Cuban-American journalist (born 1963)

Richard Pérez-Peña (born May 26, 1963 in Santiago, Cuba) is a Cuban-American journalist who has been with The New York Times since 1992. He has covered topics relating to Albany, New Jersey, healthcare, the media, and higher education. He currently covers breaking news. He was featured in the film Page One: Inside the New York Times.

== Criticism ==
A 2012 news story by Pérez-Peña on Yale University quarterback, Patrick Witt, was criticized by Witt and some journalists for unfairness and poor sourcing. While Pérez-Peña defended the accuracy of the story, the Public Editor of the Times raised concerns about the article, particularly its reporting a sexual assault claim based on anonymous sourcing.

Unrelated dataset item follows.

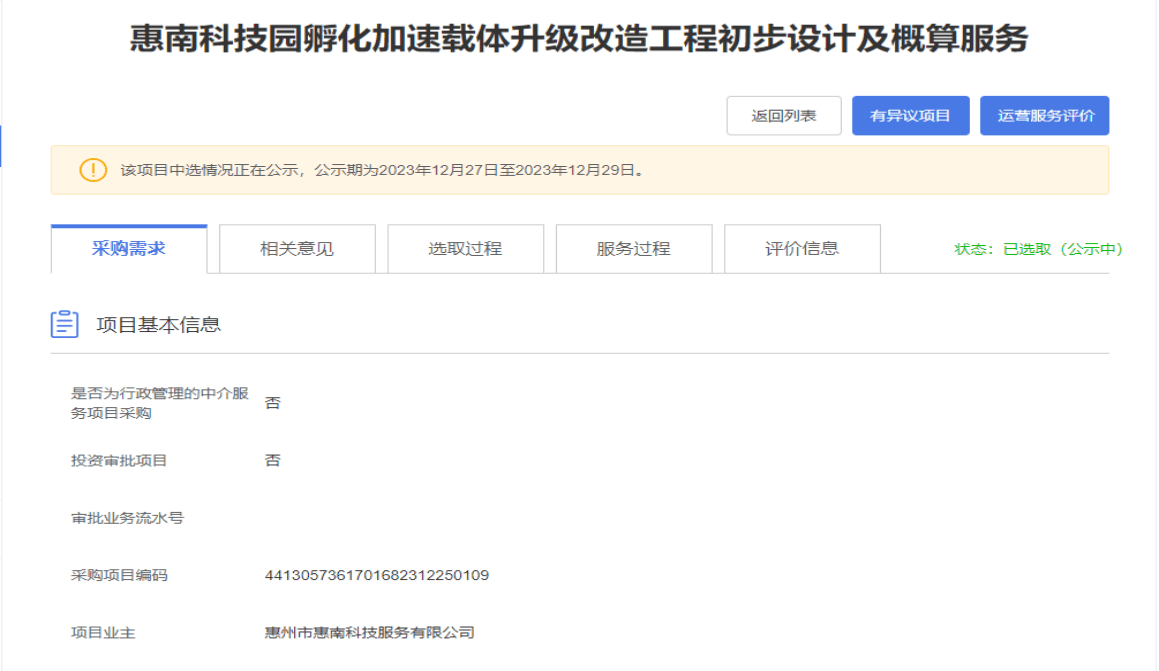 【招標(biāo)公示】惠南科技園孵化加速載體升級改造工程初步設(shè)計(jì)及概算服務(wù)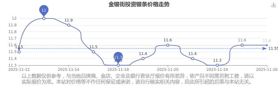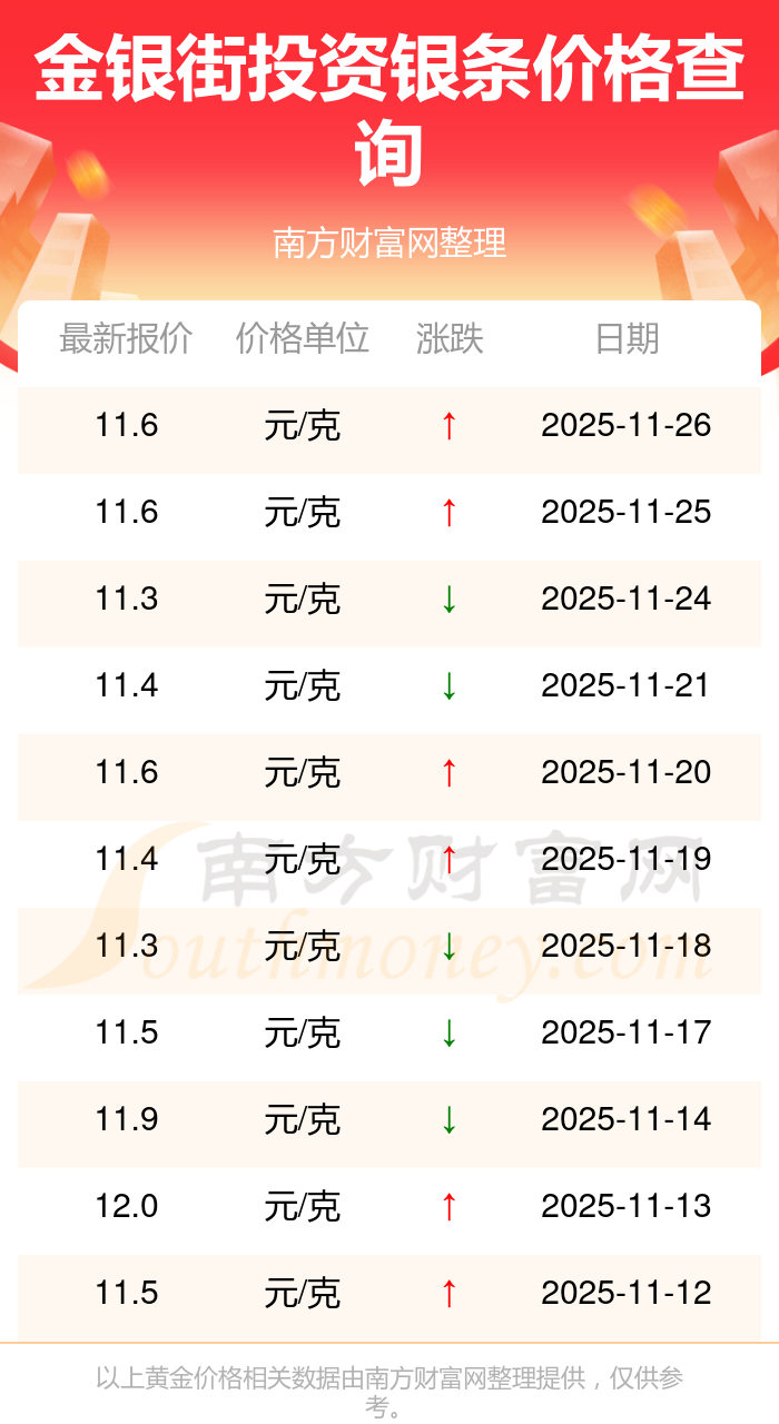 今日(2025年11月26日),金銀街投資銀條價格:11.6元/克。

== Personal and early life ==
Pérez-Peña was born in Santiago, Cuba and raised in Southern California. He studied European History at Pomona College. In 1987, Pérez-Peña appeared on the TV quiz show Jeopardy! and became a 5-time champion, later appearing in the show's first reunion invitational, Super Jeopardy!, in 1990. In 2005, he was asked to participate in the show's Ultimate Tournament of Champions but ended up not appearing in the tournament.